You are asked to copy the entire listing exactly, apart from its pictures.

++++ Information shown ++++

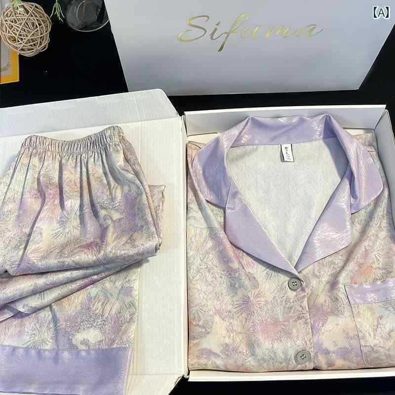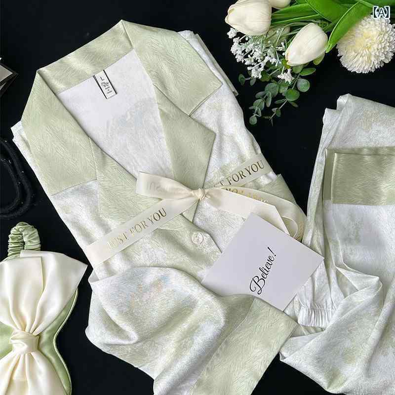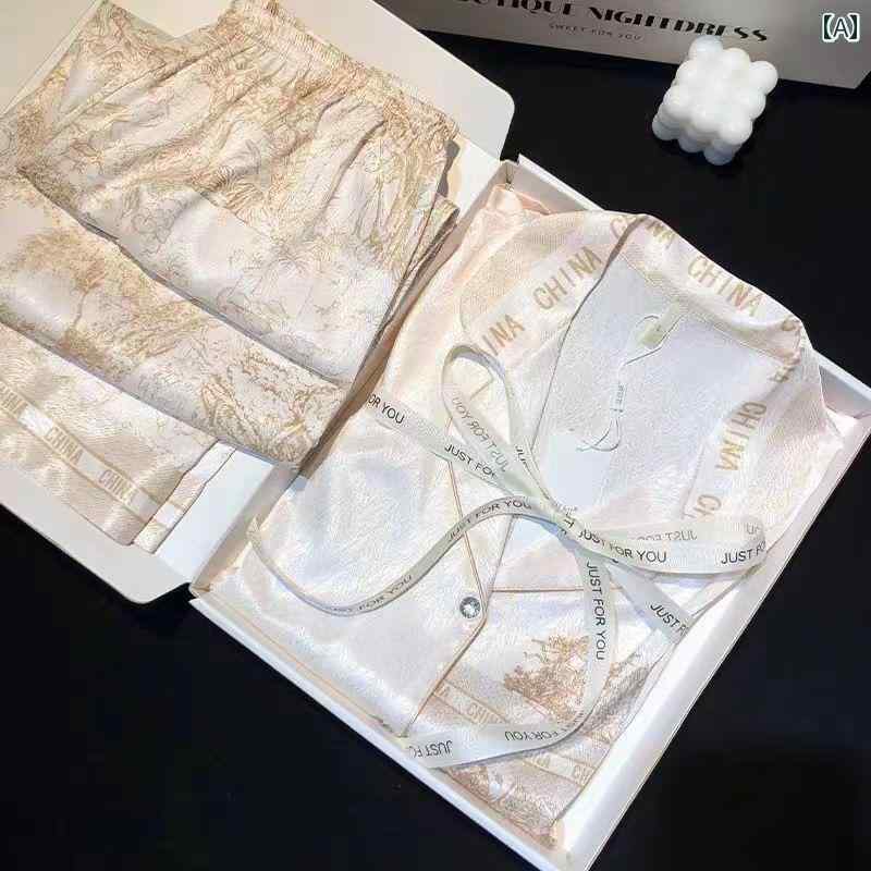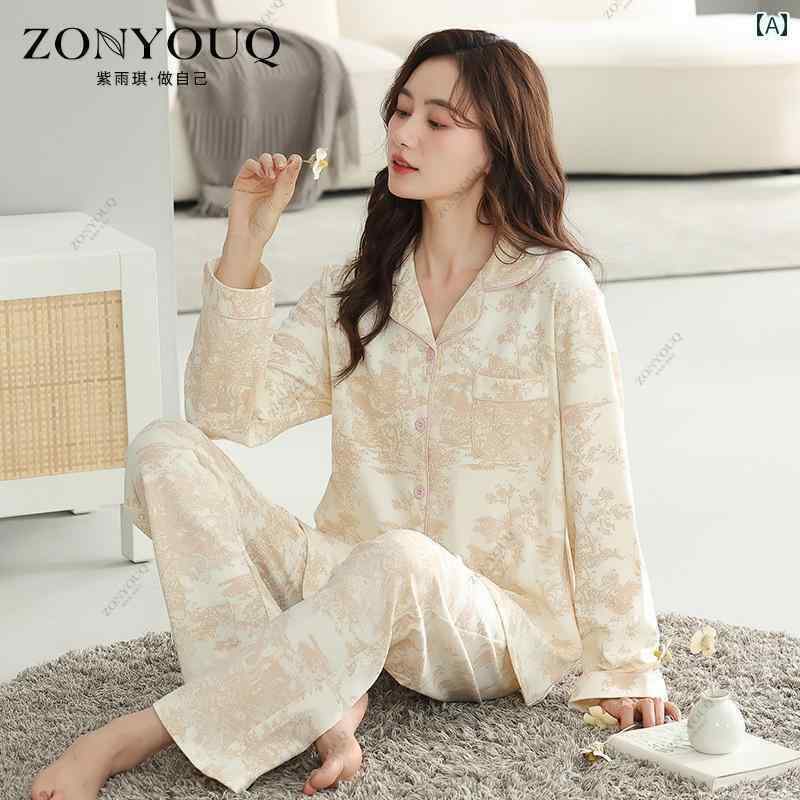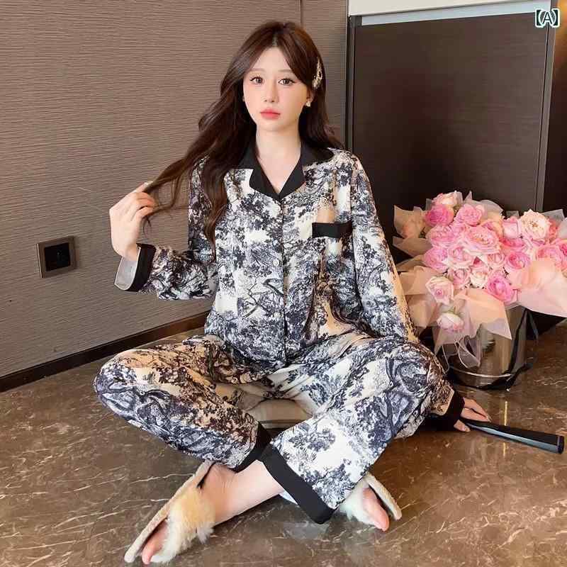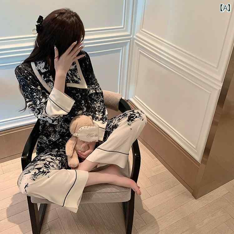 シルク パジャマ レディース 韓国 パジャマ 女性用 春秋 スタイル 冷感 長袖 イン 高級 水墨 画 薄手
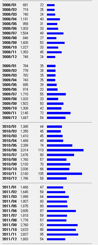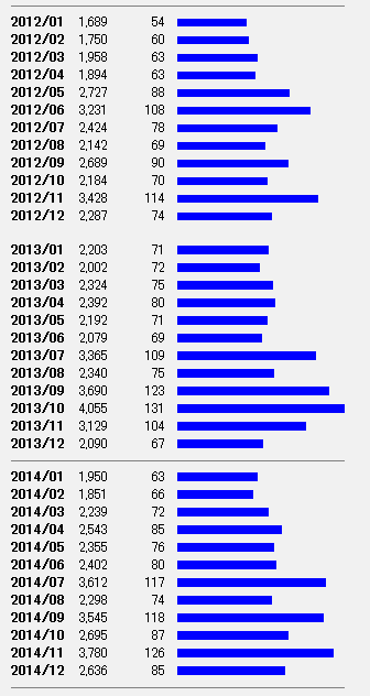 | ■ 2004年のホームページ開設時からのアクセスカウンターの推移です。 インターネットの普及もありの訪問者が増えている様子がわかります。 県大会の前後月でアクセスが多くなっています。 ![]() ![]() ![]() ・2015年11月はホワイトリングで「第17回関東甲信越ブロック選手権」と松本市で「第41回長野県ダンススポーツ大会」が行われ、 月間アクセス数が過去最多となりました。 ・2017年7月はホワイトリングで「全日本選手権シニアV」と「関東甲信越ブロック選手権シニアW」が行われ、アクセスが多くなりました。 ・2020年はコロナ禍のため県大会が開催出来ず、ホームページのアクセスもピークが有りません。 ・2021年は10月に県大会が行われ、アクセスのピークが現れています。 ■2015年4月のアクセスカウンターの推移です。 週末のアクセスが少なく、月曜日の訪問が多くなっています。 ![]() ■2017年7月の日ごとのアクセス推移です。 7月15-16日にホワイトリングで「全日本選手権シニアV」と「関東甲信越ブロック選手権シニアW」が行われ、 大会前は「タイムテーブル」と「エントリーリスト」の掲載に合わせてアクセスが増えています。 大会翌日は「競技結果」の掲載に合わせてアクセスが急増し、過去最高の日次アクセスを記録しました。 ![]() |
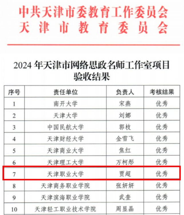 日前,天津市教育两委印发《关于公布2024年天津市网络思政名师工作室项目验收结果和启动新一轮建设工作的通知》,KY开元马克思主义学院贾超老师负责的网络思政名师工作室成功通过验收。此次共验收来自全市中小学项目74项,其中获评优秀项目10项,KY开元网络思政名师工作室项目首次被评为优秀等级。
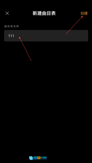 在新建曲目表页面,先【输入名称】,再点击【创建】按钮,就能完成新曲目表的创建。

++++

— Reply to the task —
 シルク パジャマ レディース 韓国 パジャマ 女性用 春秋 スタイル 冷感 長袖 イン 高級 水墨 画 薄手
 | ■ 2004年のホームページ開設時からのアクセスカウンターの推移です。 インターネットの普及もありの訪問者が増えている様子がわかります。 県大会の前後月でアクセスが多くなっています。 ![]() ![]() ![]() ・2015年11月はホワイトリングで「第17回関東甲信越ブロック選手権」と松本市で「第41回長野県ダンススポーツ大会」が行われ、 月間アクセス数が過去最多となりました。 ・2017年7月はホワイトリングで「全日本選手権シニアV」と「関東甲信越ブロック選手権シニアW」が行われ、アクセスが多くなりました。 ・2020年はコロナ禍のため県大会が開催出来ず、ホームページのアクセスもピークが有りません。 ・2021年は10月に県大会が行われ、アクセスのピークが現れています。 ■2015年4月のアクセスカウンターの推移です。 週末のアクセスが少なく、月曜日の訪問が多くなっています。 ![]() ■2017年7月の日ごとのアクセス推移です。 7月15-16日にホワイトリングで「全日本選手権シニアV」と「関東甲信越ブロック選手権シニアW」が行われ、 大会前は「タイムテーブル」と「エントリーリスト」の掲載に合わせてアクセスが増えています。 大会翌日は「競技結果」の掲載に合わせてアクセスが急増し、過去最高の日次アクセスを記録しました。 ![]() |
 日前,天津市教育两委印发《关于公布2024年天津市网络思政名师工作室项目验收结果和启动新一轮建设工作的通知》,KY开元马克思主义学院贾超老师负责的网络思政名师工作室成功通过验收。此次共验收来自全市中小学项目74项,其中获评优秀项目10项,KY开元网络思政名师工作室项目首次被评为优秀等级。
 在新建曲目表页面,先【输入名称】,再点击【创建】按钮,就能完成新曲目表的创建。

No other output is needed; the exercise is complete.